Does the description disclose side effects, auth requirements, rate limits, or destructive behavior?

With no annotations provided, the description carries the full burden of behavioral disclosure. It adds some context: it mentions that private methods can be called and that it returns a result. However, it lacks details on critical behaviors like error handling, performance implications, security permissions needed, or side effects (e.g., whether it modifies state). This makes it adequate but with clear gaps for a tool with such broad capabilities.

Agents need to know what a tool does to the world before calling it. Descriptions should go beyond structured annotations to explain consequences.

Conciseness4/5

Is the description appropriately sized, front-loaded, and free of redundancy?

The description is appropriately sized with three sentences that are front-loaded: the first states the core purpose, the second gives a key constraint, and the third outlines input/output. There's little waste, but it could be slightly more structured (e.g., bullet points for key points) to improve readability, hence a 4 instead of 5.

Shorter descriptions cost fewer tokens and are easier for agents to parse. Every sentence should earn its place.

Completeness3/5

Given the tool's complexity, does the description cover enough for an agent to succeed on first attempt?
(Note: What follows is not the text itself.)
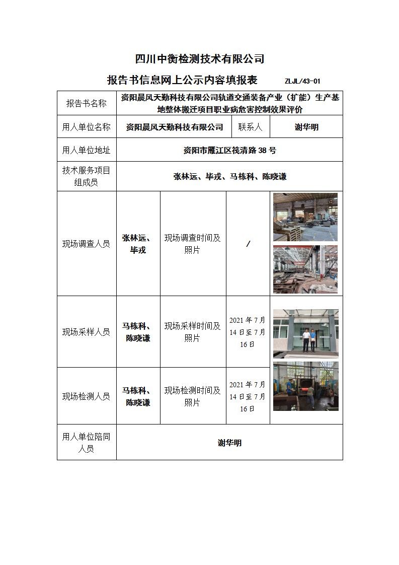 资阳晨风天勤科技有限公司轨道交通装备产业(扩能)生产基地整体搬迁项目职业病危害控制效果评价

Given the tool's high complexity (8 parameters, no annotations, no output schema), the description is incomplete. It covers the basic purpose and prerequisite but lacks details on return values (only mentions 'returns result' vaguely), error cases, or advanced usage scenarios. With no annotations or output schema, more context is needed to fully guide an agent, making it minimally viable but with gaps.

Complex tools with many parameters or behaviors need more documentation. Simple tools need less. This dimension scales expectations accordingly.

Parameters3/5

Does the description clarify parameter syntax, constraints, interactions, or defaults beyond what the schema provides?

Schema description coverage is 100%, so the schema already documents all 8 parameters thoroughly. The description adds minimal value beyond the schema, only implying that 'filter' should contain a method schema from 'reflection-method-find'. It doesn't explain parameter interactions or provide examples beyond what's in the schema descriptions. Baseline 3 is appropriate when the schema does the heavy lifting.

Input schemas describe structure but not intent. Descriptions should explain non-obvious parameter relationships and valid value ranges.

Purpose4/5

Does the description clearly state what the tool does and how it differs from similar tools?

The description clearly states the tool's purpose: 'Call C# method. Any method could be called, even private methods.' It specifies the verb ('Call') and resource ('C# method'), and distinguishes it from sibling 'reflection-method-find' by mentioning it requires a method schema from that tool. However, it doesn't explicitly differentiate from other non-reflection tools, keeping it at 4 instead of 5.

Agents choose between tools based on descriptions. A clear purpose with a specific verb and resource helps agents select the right tool.

Usage Guidelines4/5

Does the description explain when to use this tool, when not to, or what alternatives exist?

The description provides clear context for when to use this tool: 'Use reflection-method-find to find available method before using it.' This gives explicit guidance on prerequisites. However, it lacks explicit exclusions or alternatives beyond the sibling tool, such as when not to use it or comparisons to other method-calling tools if they existed.

Agents often have multiple tools that could apply. Explicit usage guidance like "use X instead of Y when Z" prevents misuse.